*DATA TO USE*

========

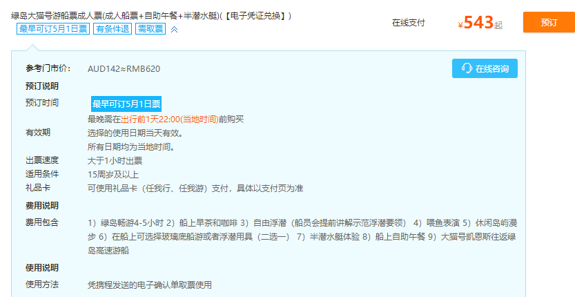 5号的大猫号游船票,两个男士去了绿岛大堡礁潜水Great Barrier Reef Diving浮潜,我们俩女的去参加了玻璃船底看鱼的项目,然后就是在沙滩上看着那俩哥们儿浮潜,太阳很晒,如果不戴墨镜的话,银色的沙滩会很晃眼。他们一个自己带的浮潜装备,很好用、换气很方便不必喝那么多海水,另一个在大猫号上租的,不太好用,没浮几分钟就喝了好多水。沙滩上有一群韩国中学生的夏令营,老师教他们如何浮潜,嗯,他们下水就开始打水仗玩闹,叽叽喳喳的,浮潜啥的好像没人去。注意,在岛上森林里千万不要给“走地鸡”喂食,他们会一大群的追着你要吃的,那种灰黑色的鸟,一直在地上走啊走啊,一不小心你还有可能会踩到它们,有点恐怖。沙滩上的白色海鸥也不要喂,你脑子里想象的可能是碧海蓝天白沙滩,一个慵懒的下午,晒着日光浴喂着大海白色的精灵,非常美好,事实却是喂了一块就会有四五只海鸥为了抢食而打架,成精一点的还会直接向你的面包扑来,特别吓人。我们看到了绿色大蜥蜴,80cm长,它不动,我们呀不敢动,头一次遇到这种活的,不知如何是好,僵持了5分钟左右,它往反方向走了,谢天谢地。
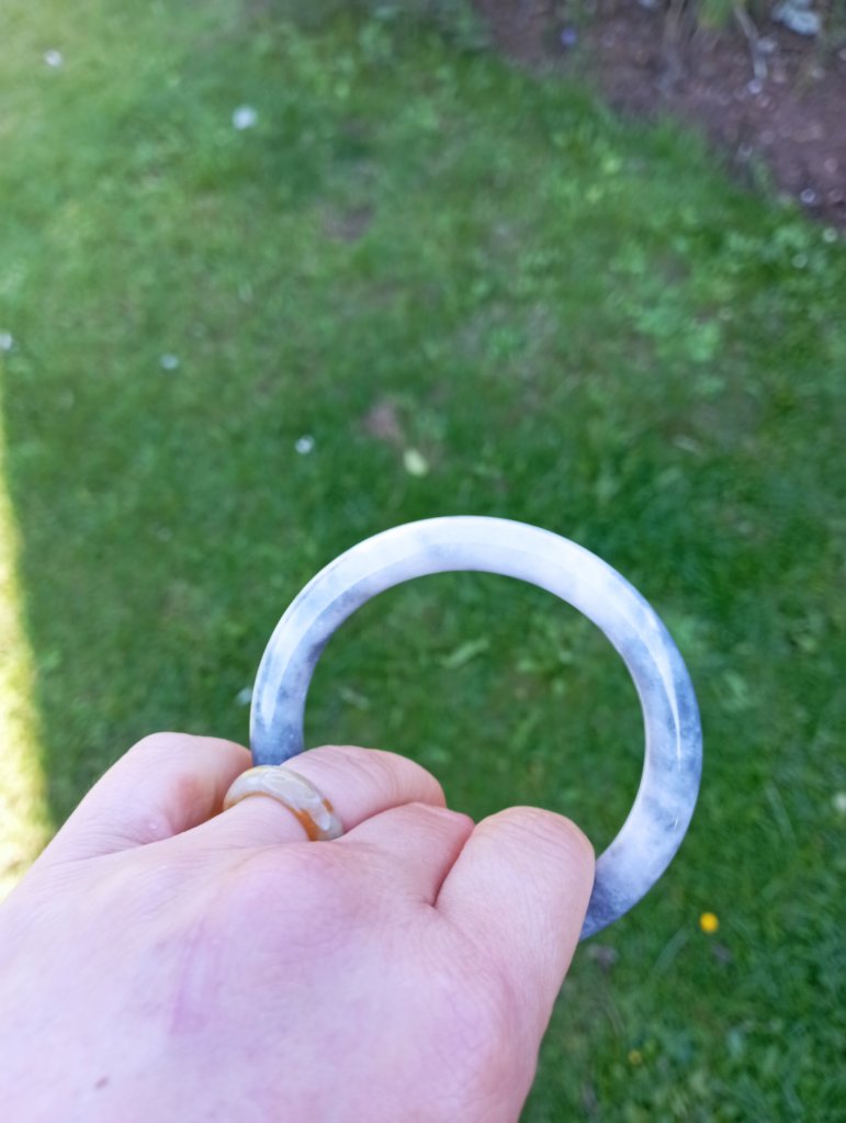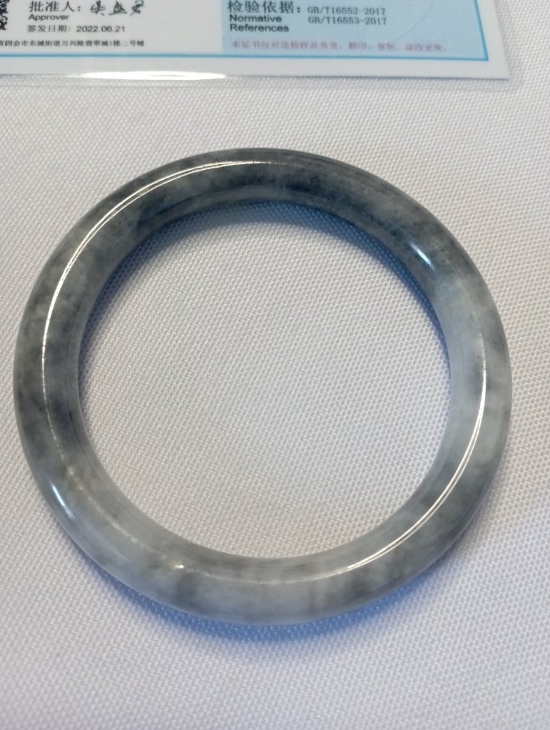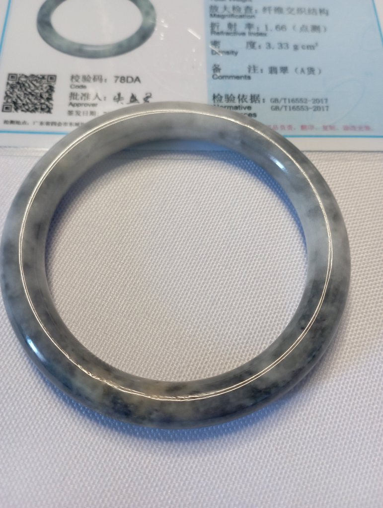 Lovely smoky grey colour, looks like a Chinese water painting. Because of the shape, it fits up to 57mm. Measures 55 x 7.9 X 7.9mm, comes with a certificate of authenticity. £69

========

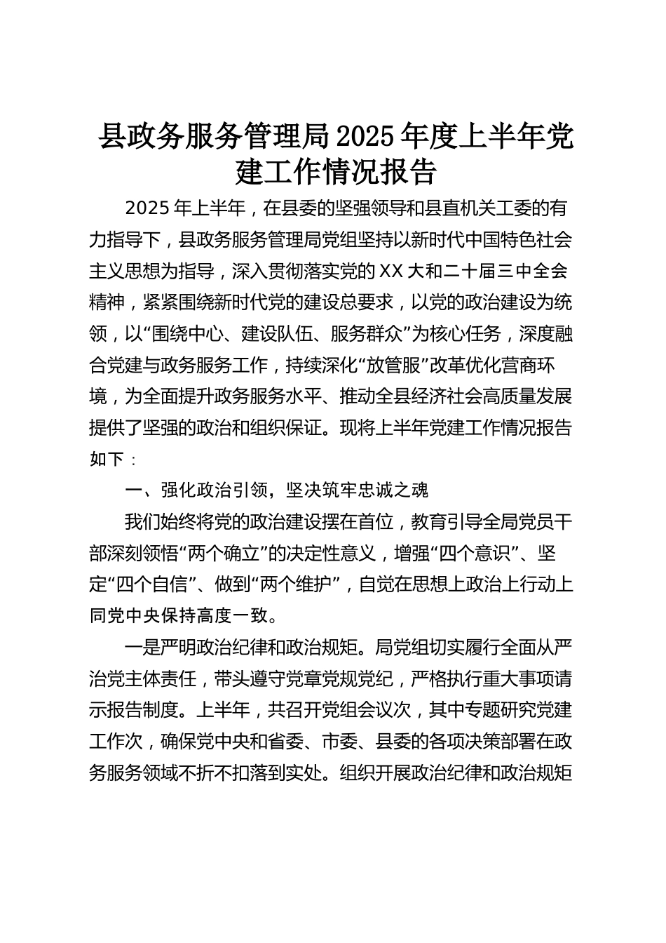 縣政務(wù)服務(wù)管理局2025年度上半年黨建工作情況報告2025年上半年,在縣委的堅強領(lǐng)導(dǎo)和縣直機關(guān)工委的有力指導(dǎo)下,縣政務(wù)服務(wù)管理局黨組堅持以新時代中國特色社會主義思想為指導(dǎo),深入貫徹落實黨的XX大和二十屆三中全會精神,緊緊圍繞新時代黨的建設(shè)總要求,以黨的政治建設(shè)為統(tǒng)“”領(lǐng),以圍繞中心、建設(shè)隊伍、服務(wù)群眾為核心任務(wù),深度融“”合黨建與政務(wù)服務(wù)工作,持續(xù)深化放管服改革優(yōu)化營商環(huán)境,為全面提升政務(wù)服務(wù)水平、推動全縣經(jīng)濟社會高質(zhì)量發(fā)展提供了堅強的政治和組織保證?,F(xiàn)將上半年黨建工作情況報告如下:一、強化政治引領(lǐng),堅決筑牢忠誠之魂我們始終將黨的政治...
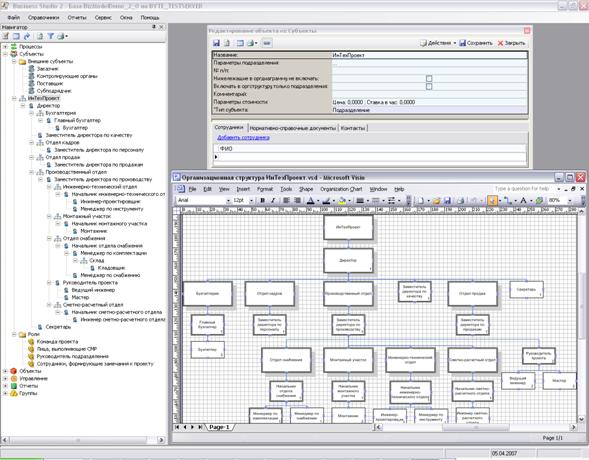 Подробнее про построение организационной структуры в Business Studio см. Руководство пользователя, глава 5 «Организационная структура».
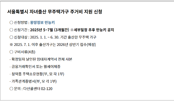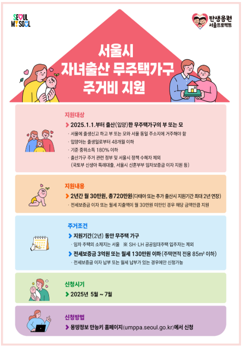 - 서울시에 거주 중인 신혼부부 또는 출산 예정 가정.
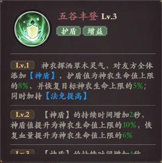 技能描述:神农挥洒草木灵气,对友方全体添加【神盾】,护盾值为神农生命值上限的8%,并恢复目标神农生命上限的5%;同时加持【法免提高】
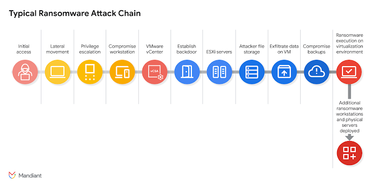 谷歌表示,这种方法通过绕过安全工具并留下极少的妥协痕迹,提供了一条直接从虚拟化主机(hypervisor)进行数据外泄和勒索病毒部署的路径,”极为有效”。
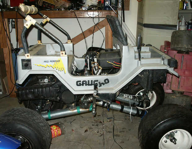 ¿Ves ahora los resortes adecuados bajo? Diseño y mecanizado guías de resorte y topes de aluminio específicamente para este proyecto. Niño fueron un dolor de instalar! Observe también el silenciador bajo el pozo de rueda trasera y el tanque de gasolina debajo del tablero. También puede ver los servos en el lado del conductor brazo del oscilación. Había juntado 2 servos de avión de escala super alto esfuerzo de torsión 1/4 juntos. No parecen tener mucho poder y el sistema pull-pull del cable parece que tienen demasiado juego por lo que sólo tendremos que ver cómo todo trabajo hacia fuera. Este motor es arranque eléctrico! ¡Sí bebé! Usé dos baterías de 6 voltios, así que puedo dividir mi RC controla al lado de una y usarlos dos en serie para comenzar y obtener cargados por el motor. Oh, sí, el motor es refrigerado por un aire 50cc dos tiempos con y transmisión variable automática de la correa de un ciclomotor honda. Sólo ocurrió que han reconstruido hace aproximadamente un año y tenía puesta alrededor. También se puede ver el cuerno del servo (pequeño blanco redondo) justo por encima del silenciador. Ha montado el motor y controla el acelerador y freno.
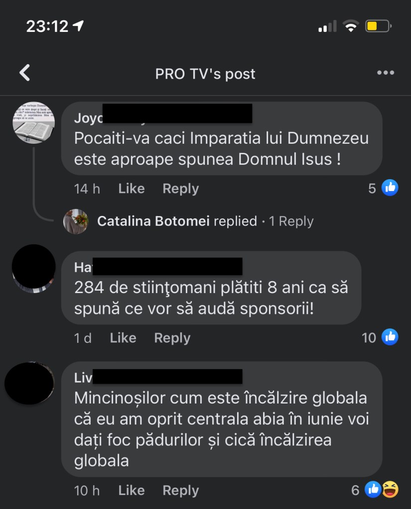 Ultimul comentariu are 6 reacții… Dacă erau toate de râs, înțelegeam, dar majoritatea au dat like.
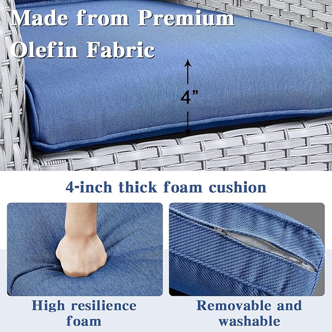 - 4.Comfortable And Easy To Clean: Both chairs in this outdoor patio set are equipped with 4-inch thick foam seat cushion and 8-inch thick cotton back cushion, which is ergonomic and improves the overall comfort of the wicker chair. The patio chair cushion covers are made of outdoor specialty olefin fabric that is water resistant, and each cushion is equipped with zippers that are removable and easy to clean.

========

*WHAT IS EXPECTED*
Within the listing above, the stretch from the line with "5号的大猫号游船票,两个男士去了绿岛大堡礁潜水Great Barrier Reef" down to the line with "Lovely smoky grey" is to be given again exactly, end lines included and pictures excluded.

*SOLUTION TO THIS PROBLEM*
 5号的大猫号游船票,两个男士去了绿岛大堡礁潜水Great Barrier Reef Diving浮潜,我们俩女的去参加了玻璃船底看鱼的项目,然后就是在沙滩上看着那俩哥们儿浮潜,太阳很晒,如果不戴墨镜的话,银色的沙滩会很晃眼。他们一个自己带的浮潜装备,很好用、换气很方便不必喝那么多海水,另一个在大猫号上租的,不太好用,没浮几分钟就喝了好多水。沙滩上有一群韩国中学生的夏令营,老师教他们如何浮潜,嗯,他们下水就开始打水仗玩闹,叽叽喳喳的,浮潜啥的好像没人去。注意,在岛上森林里千万不要给“走地鸡”喂食,他们会一大群的追着你要吃的,那种灰黑色的鸟,一直在地上走啊走啊,一不小心你还有可能会踩到它们,有点恐怖。沙滩上的白色海鸥也不要喂,你脑子里想象的可能是碧海蓝天白沙滩,一个慵懒的下午,晒着日光浴喂着大海白色的精灵,非常美好,事实却是喂了一块就会有四五只海鸥为了抢食而打架,成精一点的还会直接向你的面包扑来,特别吓人。我们看到了绿色大蜥蜴,80cm长,它不动,我们呀不敢动,头一次遇到这种活的,不知如何是好,僵持了5分钟左右,它往反方向走了,谢天谢地。
 Lovely smoky grey colour, looks like a Chinese water painting. Because of the shape, it fits up to 57mm. Measures 55 x 7.9 X 7.9mm, comes with a certificate of authenticity. £69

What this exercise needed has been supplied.